Turning off UAC in Vista == stupid!!! Period. That people run as admin, by default, on previous versions of Windows, when the NT team implemented an excellent security model that was never enforced, was also a bad decision.
(1.) Now, for those that don’t get it: UAC is NOT just about the prompting. In fact, the requests to elevate are of only minor benefit. HOWEVER, that applications that do not require elevation are running with least user privileges and lower integrity IS THE BIG WIN!!! Let me repeat that: Running IE, FireFox, Word, mIRC, MSN messenger, AIM, GAIM, Outlook, Eudora, Adobe Reader, etc, etc, etc, as a standard user BY DEFAULT is the BIG WIN with UAC.
(2.) That the user is also given a chance to say no if something bad is attempted is ALSO a solid win. Trust me, when you are browsing along in IE (or other app) and suddenly a UAC prompt appears out of nowhere because some embedded code on a page leveraged a hole in IE (or other app), you will be damn glad that you had the chance to click cancel.
Example scenario on XP or Vista with UAC disabled: I run “superduper IRC client”, which it turns out has a buffer overflow problem when parsing certain IRC output and as a result is a target for remote code exploit (yes, this has happened). Since I, the script kidiot on the other end of the exploit now has control of that process, and that process is running with NT Administrator (God/root/etc.) privileges, I can embedd all kinds of terrible things in the exploit code, such as cross-process code injection (via debug facilities), loading a kernel mode driver and patching the kernel (on 32bit XP and Vista). With UAC enabled these automatic silent attacks ALL WOULD FAIL and your machine would stand about 99% better chance of not getting owned.

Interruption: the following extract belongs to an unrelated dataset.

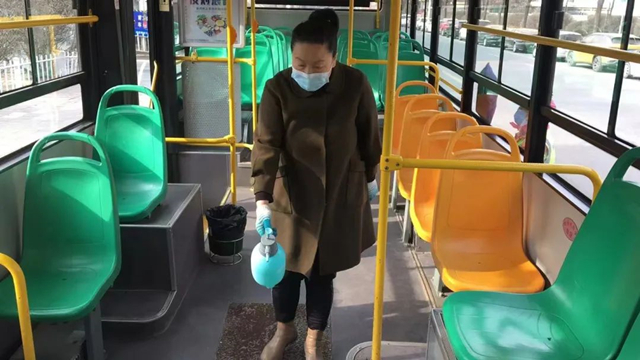 馬金蓮正在為車輛消毒。西寧公交公司供圖

(3.) Be thankful that UAC is as non-invasive as it is. On my ‘nix boxes I have to SU or get prompted for credentials for admin apps, utilities or global actions, JUST LIKE on Vista, but I have to carry out at least eight keystrokes for my password. Any other solution, such as a suid bit (trust this app) or the “unlock” model that other systems use, are potentially dangerous and programmatically exploitable.

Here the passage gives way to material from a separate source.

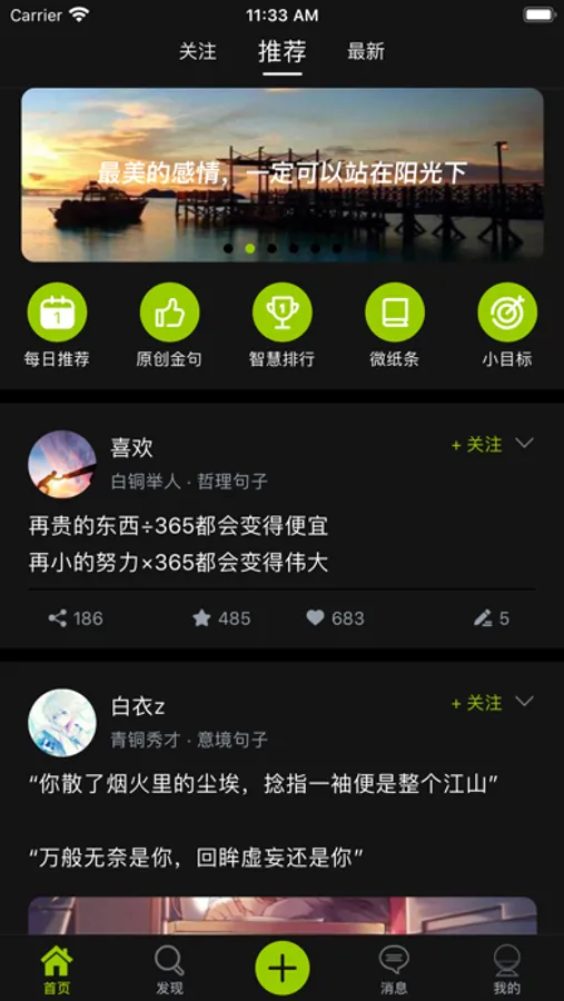 【微句】致力于打造创意共鸣的金句文案创作和阅读社区,努力让阅读和创作成为每个人每天习惯做的事。包括:

(4.) Stop the “it has no value because it just trains users to click okay” argument. Even if users do click okay to everything, it STILL has tremendous value just in item 1 above. Furthermore, take the time to educate yourself and other users as to what UAC actually is and what it is doing.
(5.) Last, but not least, re-read items 1 & 2 and understand that you can do EVERYTHING RIGHT from a user standpoint (e.g. not downloading suspicious apps, running AV, etc.) but you can STILL get owned through no fault of your own. Running your processes with super-user privs is equally dangerous on EVERY platform. So, for your own sake and others, leave UAC on. It is the RIGHT thing to do.